She knew better than to press. Especially given his mood.
So she was surprised when he said, “It’s an ongoing thing.”
Was it business or personal, she wondered.
His eyes lifted to hers. “It involves a certain female.”
Right. A female.
Okay, she had no right to feel a cold vise around her chest. It was none of her business that he was already with someone. Or that he was a player who threw together this roast beef dinner, candlelight, and seduction special for God knew how many different females.
Ehlena cleared her throat and put down her knife and fork. As she dabbed her mouth with her napkin, she said, “Wow. You know, I never thought to ask if you were mated. You don’t have a name in your back-”
“It’s not my shellan. And I don’t love her in the slightest. It’s complicated.”
“Do you share a young?”
“No, thank God.”
Ehlena frowned. “Is this a relationship, though?”

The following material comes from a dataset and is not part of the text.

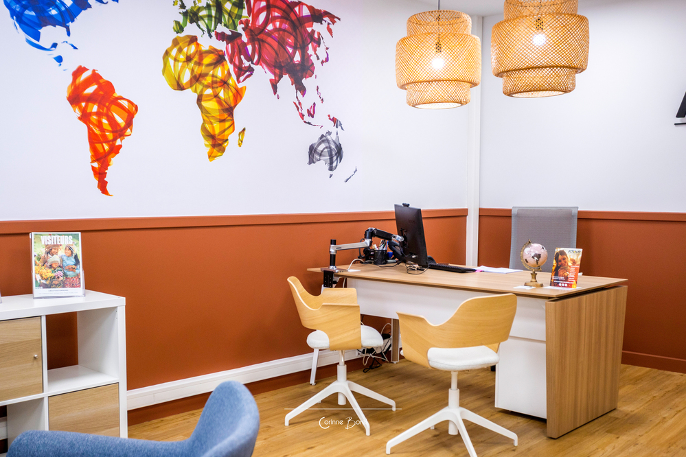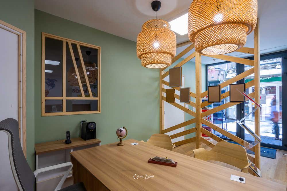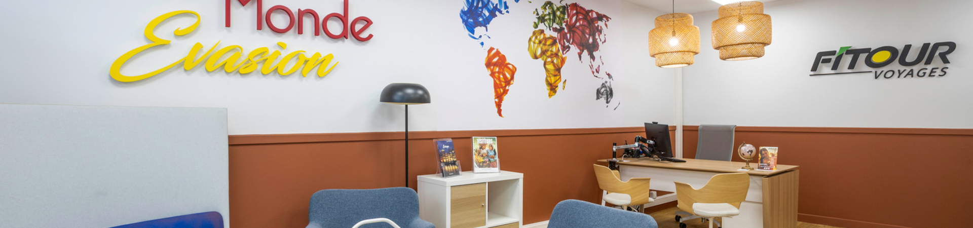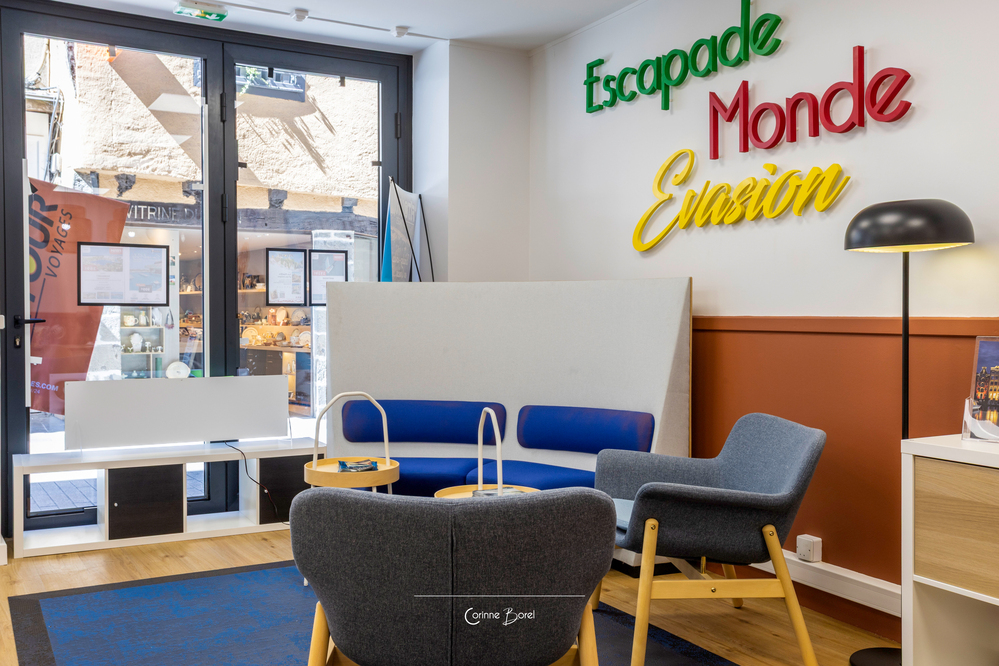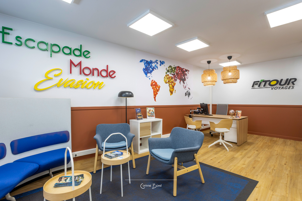 Aménagement d’une nouvelle agence de voyage à Aurillac Après avoir conçu leur première agence à Aurillac, nos clients fidèles nous ont renouvelé leur confiance pour l’aménagement de leur nouveau local. L’objectif était de réutiliser et transformer le mobilier existant afin de l’adapter à cet espace inédit et d’en tirer le meilleur parti. Ce nouvel aménagement a permis de donner une seconde vie à un ancien bar, transformé en une agence de voyage accueillante et inspirante. Pour marquer cette nouvelle étape, nous avons imaginé une thématique de couleurs inédite, moderne et dynamique, afin de se différencier et d’inviter les visiteurs à l’évasion dès leur entrée. Nous sommes heureux d’accompagner nos clients professionnels dans la durée et de contribuer à leur identité visuelle à travers des espaces uniques. Platerie/ Peinture : Sarl LE PEINTRE Photographe : Pascale Poujols |

“I guess you could call it that.”
Feeling like a total raving idiot for getting caught up in him, Ehlena put her napkin on the table beside her plate and offered a very professional smile as she got to her feet and picked up her coat.
“I should go now. Thanks for dinner.”
Rehv cursed. “I shouldn’t have said anything-”
“If your goal was to get me in bed, you’re right. Bad move. Still, I’m glad you were honest-”
“I wasn’t trying to get you into bed.”
“Oh, of course not, because you’d be cheating on her.” Christ, why was she getting so upset over this?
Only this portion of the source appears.